Off-the-Shelf Pick and Place Model as a Baseline

Before training anything custom, it is useful to start with a general purpose model and test the full pipeline. You can use a pre trained RF-DETR model as a baseline. It can detect common objects and immediately provides bounding boxes and centroids without any additional training. This allows to validate the complete system end to end. The camera captures an image, the model detects objects, the centroid is converted into a 3D position, and the robot performs a pick and place action. At this stage, the goal is not perfect accuracy. The goal is to confirm that all components such as detection, coordinate mapping, inverse kinematics, and motion control are working together correctly.

Using an off the shelf model significantly reduces development time.
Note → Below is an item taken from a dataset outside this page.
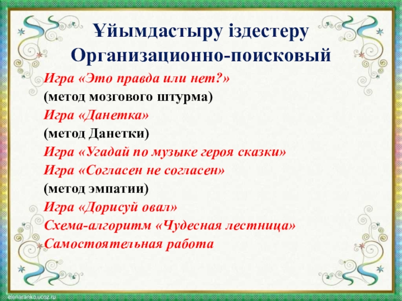 Ұйымдастыру іздестеру Организационно-поисковый  Игра «Это правда или нет?»(метод мозгового штурма)Игра «Данетка»(метод Данетки)Игра «Угадай по музыке героя

Instead of spending time collecting and labeling data early on, we can focus on building and testing the robotics pipeline. Once the pipeline is stable, the baseline model also helps identify where improvements are needed, such as missed detections, incorrect picks, or sensitivity to camera angle.

Fine Tuning RF-DETR for Overhead Pick and Place Camera Angles

While the baseline model works, it is not optimized for this specific setup. Most general purpose models are trained on natural images with side views or varied perspectives. In a pick and place system, the camera is typically fixed above the workspace, which creates a consistent top down view. Objects appear different in this view, with less visible depth and more emphasis on shape and outline.

To improve performance, the model can be fine tuned using images that match this exact setup. In this project, synthetic images are generated from the simulation using the same overhead camera configuration. These images are then used to train or fine tune the model so it learns how objects look from this specific angle.

Fine tuning helps the model become more reliable in detecting objects under the same conditions it will see during deployment. It reduces errors caused by perspective differences and improves consistency in centroid detection, which directly affects pick accuracy. This approach also makes the system more practical. The result is a detection system that is better aligned with the physical setup and more suitable for real pick and place tasks.

Using Roboflow Universe Data for Pick and Place

Before collecting your own data, it is often useful to start with existing datasets from Roboflow Universe. Universe hosts a large collection of open datasets and pre-trained models across domains such as logistics, manufacturing, and robotics, making it a strong starting point for pick-and-place projects. Here are several datasets directly applicable to building or extending a pick-and-place detection system.

1. Bolt and Nuts Detection - Industrial Fastener Sorting

A dataset of images of bolts and nuts, built specifically for component identification and sorting automation in industrial environments.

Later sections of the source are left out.